Since Buckley v. Valeo in 1976, the Supreme Court has allowed contributions to be regulated when there is a risk of “quid pro quo” corruption, essentially a favor for a favor. In the case of elections, if there is a risk someone could be making a donation to a candidate in exchange for a favor, then Congress can regulate that contribution. In 2010, the Supreme Court extended this reasoning to corporations and unions in Citizens United.

Three months later, in SpeechNow.org v. FEC, the D.C. Circuit Court of Appeals upheld that contributions to PACs cannot be regulated either, as long as the PAC is “independent.” Other lower federal and state courts followed suit but the ruling was never reviewed by the Supreme Court. 

Lessig doesn’t think the Supreme Court will change Citizens United, but he believes the question the Maine referendum raises — whether contributions to a committee that makes independent expenditures can be limited — is not answered in Citizens United.

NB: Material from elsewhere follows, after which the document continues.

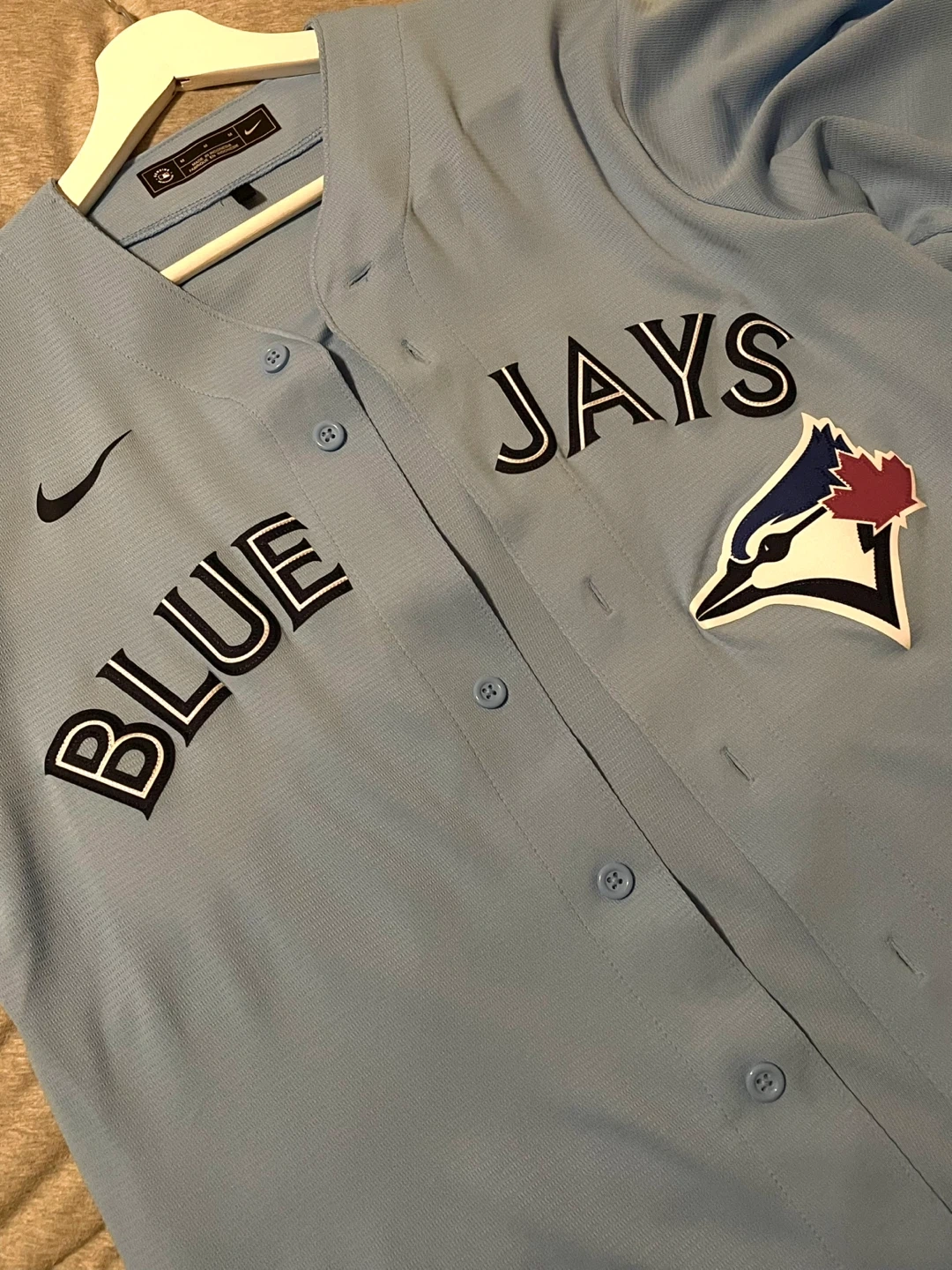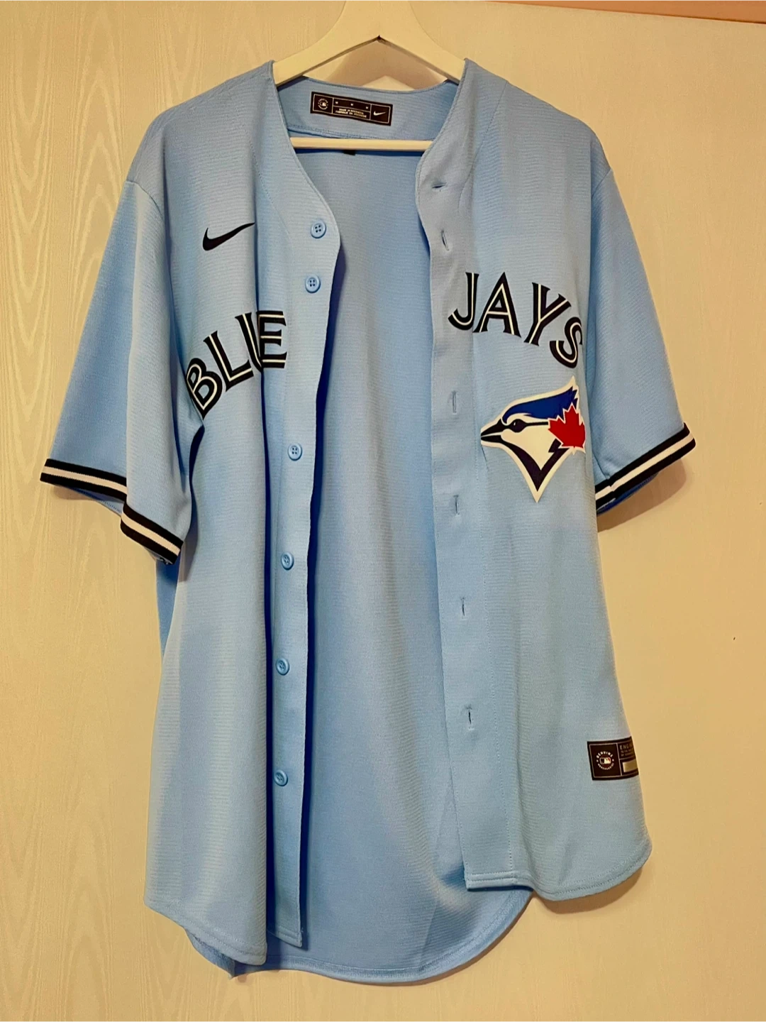 Nike Toronto Blue Jays baseball jersey. It's a light blue colour with the Blue Jays logo on the front. Unisex, worn only once, in perfect condition!

Under the logic of Citizens United, independent expenditures are uncoordinated and create no risk of quid pro quo corruption, but donations to a committee that makes independent expenditures may or may not be coordinated. Therefore, Lessig said, they create the risk of quid pro quo corruption and can be regulated by Congress. 

Lessig hopes the appeal will be swift so the First Circuit will have an opportunity to take up the question by the fall and issue a decision sometime in the spring. If the court decides in favor of the law, the issue could be in the Supreme Court by the fall of 2026. If the First Circuit rules otherwise, the path to the high court is less direct but still possible, Lessig said.